In total there were ten head wounds, almost all of which were consistent with the manner in which Richard was killed as described by contemporary accounts. Clearly, this individual died in the thickest of the fighting. Even Richard’s most strident critics never doubted his courage. Moreover, at least one account tells of Richard losing his helmet when he was unhorsed. This, also, is consistent with the remains.

In addition, there were wounds on the ribs and also on the pelvis, both of which are also consistent with contemporary accounts of Richard being slung over the back of a horse and stabbed in the buttocks. It is speculated that there may have been other wounds inflicted postmortem that did not leave any marks on the skeleton.

More and more, this was looking like the skeleton of Richard. However, there was still the possibility that these were simply the remains of someone else killed at Bosworth.

When the remains were cleaned and assembled for analysis, one feature (apart from the appalling head wounds) stood out from all the rest.

richard III skeleton

The skeleton displayed the effects of scoliosis or curvature of the spine. Analysis indicated that the condition would have resulted in one shoulder being higher than the other. This would not, however, have precluded the individual from physical activity. Indeed, analysis of the locations where the tendons joined the bones indicated that the individual, for all his condition, had a slender, yet lean physique. There was no sign of Shakespeare’s withered arm.

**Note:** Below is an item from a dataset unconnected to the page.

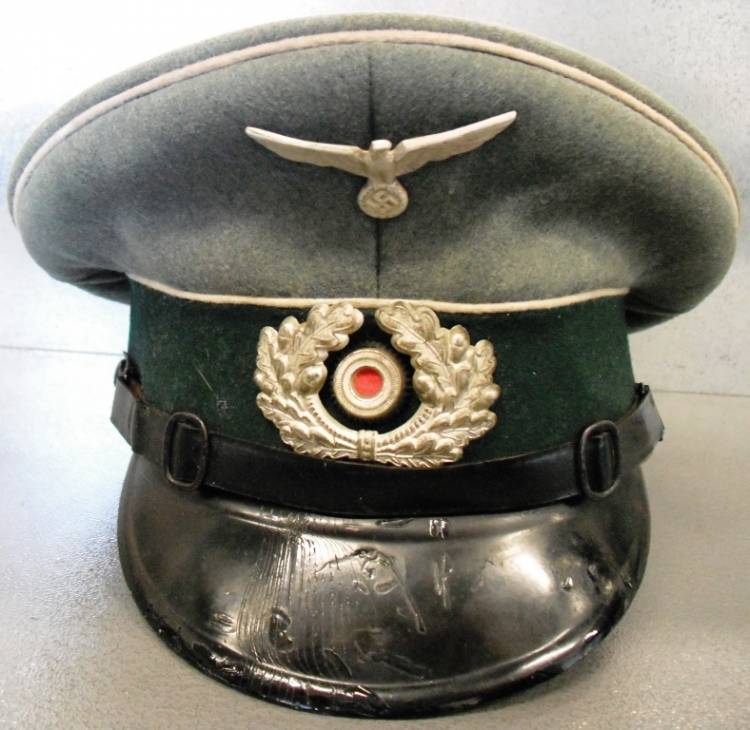 SCHIRMMUTZE PER SOTTUFFICIALE HEER (ESERCITO). WAFFENFARBEN BIANCO-FANTERIA. AQUILA IN METALLO STAMPATO MANCANTE DI UNA LINGUETTA POSTERIORE PER IL FISSAGGIO, MA POSIZIONATA CORRETTAMENTE. COCCARDA NAZIONALE CON FRONDE DI QUERCIA IN ALLUMINIO STAMPATO, BEN SALDI E NON MANOMESSI. FASCIA VERDE SCURO, SOVRAFASCIA E PIATTO IN OTTIME CONDIZIONI, SENZA LACERAZIONI O TARMATURE. INTERNO IN SETA CON DIAMANTE IN CELLULOIDE CON MARCHIO DEL PRODUTTORE. TARGHETTA NOMINATIVA DEL SOTTUFFICIALE. ALLUDA IN CUOIO LAVORATO CON SEGNI DI PORTO. ECCELLENTI CONDIZIONI GENERALI.

Indeed, it was now clear that, given the increasingly high likelihood that these were the remains of Richard, his scoliosis was the inspiration for the hunchback depicted by the great Playwright.

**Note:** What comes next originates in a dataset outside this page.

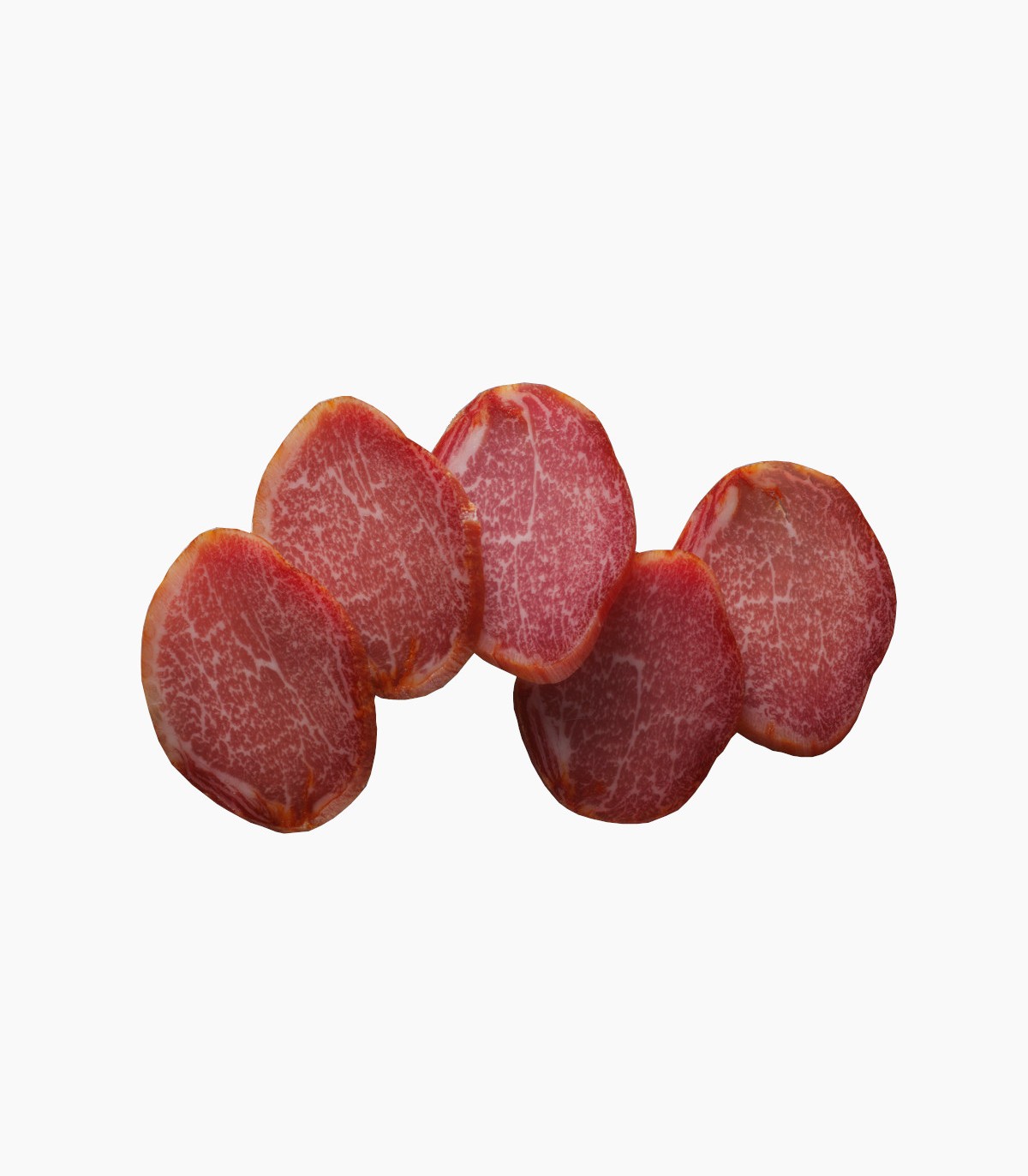La Canya de Llom de Gla Ibèric, és una de les peces més nobles del porc ibèric. Porcs criats en llibertat en deveses i alimentats per gla i riques herbes que marcaran les característiques finals del producte. Es tracta de cadascuna de les dues peces de carn que estan al costat de l'espinada i sota les costelles, condimentat amb sal, pebre vermell, all i orenga i posteriorment curat mitjançant un procés laboriós, lent i natural. Tallat i envasat a el buit.

All signs pointed to Richard. There remained only one thing left to do.

As Richard had no offspring, DNA taken from the remains was compared to that of a Canadian descendant of Richard’s older sister, Anne of York.

The results confirmed that the remains found under the car park were indeed those of Richard III.

funeral procession
Funeral procession of Richard III

In 2015, 530 years after his death, Richard III was given the funeral he deserved before being laid to rest in Leicester Cathedral.

And by some cosmic coincidence, the parking space under which Richard had been found was ‘reserved’. It was marked with the letter ‘R’.